At 3:45 Wednesday afternoon, the ground fell out from under my feet. My grandmother had left me a voicemail: “I want you to stop what you’re doing and pray. Platte Canyon High School and Fitzsimmons Middle School are – well, there’s a gunman inside Platte Canyon and there are students being held hostage. We don’t know yet what’s happening, who they are. They’ve gotten all the other students out of the high school. You’re mother doesn’t know anything nor does your father. Just get busy and pray – wherever you are, pray.” My brother is a sophomore at Platte Canyon High School in Bailey, Colorado.
It was the first time in my life that my legs simply gave way and I found myself sitting on the ground in the Dustbowl, unable to move. In hindsight, I recognize this reaction from stories I’ve heard friends tell – stories from the day an airplane flew into the building where their parents worked. But I had never felt this before.
I finally managed to stand – or rather, commanded myself to stand – and wandered up to my original destination: Campus Mail Services; a bit in a daze as I passed through the Eagle’s Nest, until a friend’s call broke through it. I sat down next to her, eyes empty, face and body slack. “What’s wrong?” she asked. I collapsed in her arms: I cried, she prayed.
My grandmother told me to pray: my friend did, but I couldn’t. I mouthed the words and held her hands; but there was nothing but hot tears. And when the tears ended, I could talk and engage in conversation; I could even for a while lose conscious thought of the crisis 2000 miles away. But then it would return, not now with tears but with nothing: emptiness inside.
I remember the next few hours as a series of wanderings, interspersed with conversations, condolences, and prayers: but none of the prayers were mine, and the emptiness remained. If I thought about it enough, I could probably determine a sequential chronology; but the only remnants of an absolute chronology are the time stamps of the calls in my cell phone.
Finally, the one phone call came: Mom was home with Evan, safe. I talked to him, heard his voice: as present as the bird in the tree above, but untouchable – I could not give him a hug. But time started again. I could start thinking about it objectively, because my brother was there again.

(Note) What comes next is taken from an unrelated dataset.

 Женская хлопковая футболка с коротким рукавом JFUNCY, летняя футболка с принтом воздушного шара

There was something inside again: no longer emptiness, but a yearning, not for myself, but for him. What could I do for him? How could I reach out to him? How could I make it better? How could I give him a hug?

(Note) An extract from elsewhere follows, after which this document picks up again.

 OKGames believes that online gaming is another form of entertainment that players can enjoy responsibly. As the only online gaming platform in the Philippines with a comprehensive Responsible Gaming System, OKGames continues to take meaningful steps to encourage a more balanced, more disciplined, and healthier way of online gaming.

The question that has settled in my mind and heart in the days since is, what can I do, not only for him, but for the larger community affected? What can I do as a human being, touched by human tragedy, to respond to it?
The first thing that I will do is to reaffirm my commitment to Life, for this tragedy is ultimately a failure, not only of the gunman, but of society as a whole, to live out a respect for human life. I have often been active in the pro-Life movement, i.e. working against abortion, euthanasia, capital punishment, and infanticide. My socially just passions cry out for the innocent, born and unborn; for the infirm (and increasingly disrespected) elderly; and for the souls of men who have sinned, for though we may punish them on earth, the punishment of death is reserved to God.

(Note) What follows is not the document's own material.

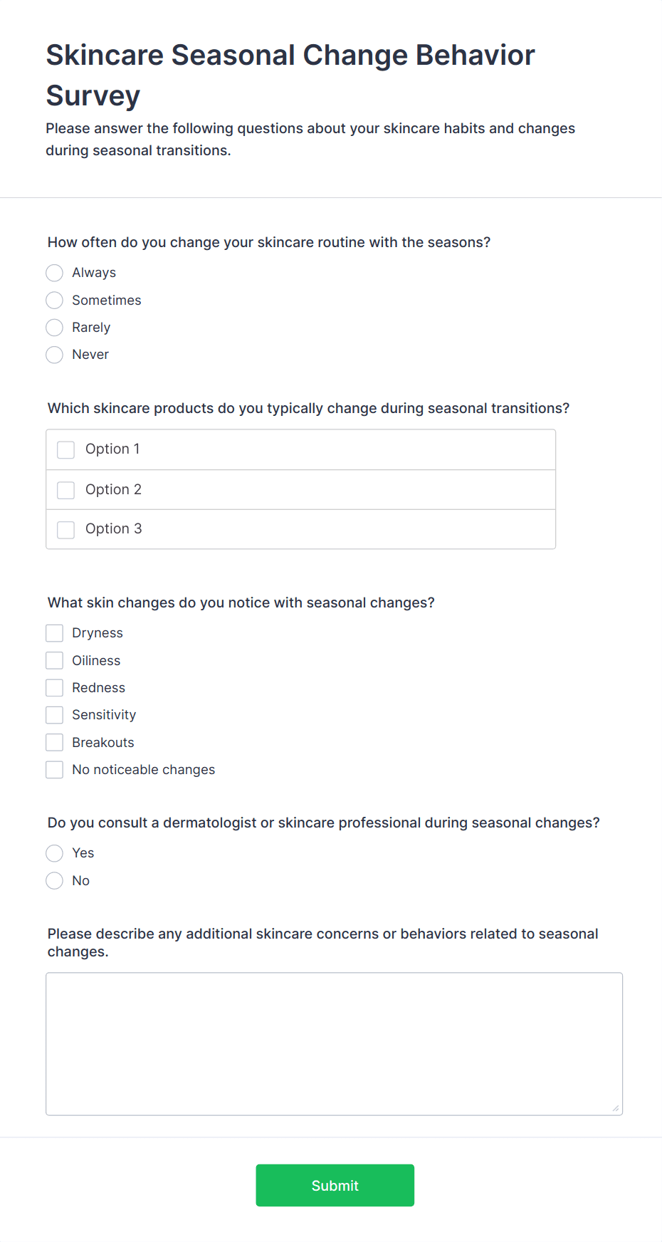 - Healthcare Surveys: Assess patient satisfaction, collect health histories, or screen for symptoms.

But if I am pro-life, then I am for all Life. As I cannot countenance the destruction of a life in the womb, neither can I countenance the taking of an innocent human life by other means. Furthermore, I have a responsibility not only not to countenance it, but to actively oppose it, and this responsibility will witness itself to the world in an affirmation of the value and dignity of each and every human life. I therefore resolve that not a day now will go by during which I do not consciously witness my respect for human life.
My larger commitment is the means by which this witness shall be made: love. My Lord commanded me to do but two things: to love Him and to love my neighbor. My love for Him is strong; my love for my neighbor needs to be equally so. This is a central tenet of the Christian Faith: the Truth lies not in oneself but in the other, and to love the Truth is therefore to love the other. As one of my prayer cards says, "Jesus first, Others next, Yourself last."
This is no great secret that I have discovered: though a mystery, yet it is revealed in our human nature every day. The outpouring of love within the Bailey community these past few days is proof enough of that. Though I cannot be next to my brother now to comfort him, nor can I personally offer this love to my grieving community there, I can affirm my love among my community here in Boston. Stop what you are doing right now and think about the people around you. Stop and give your friend a hug. Stop and affirm your charity to a perfect stranger. Say, “I love you.” And then do it.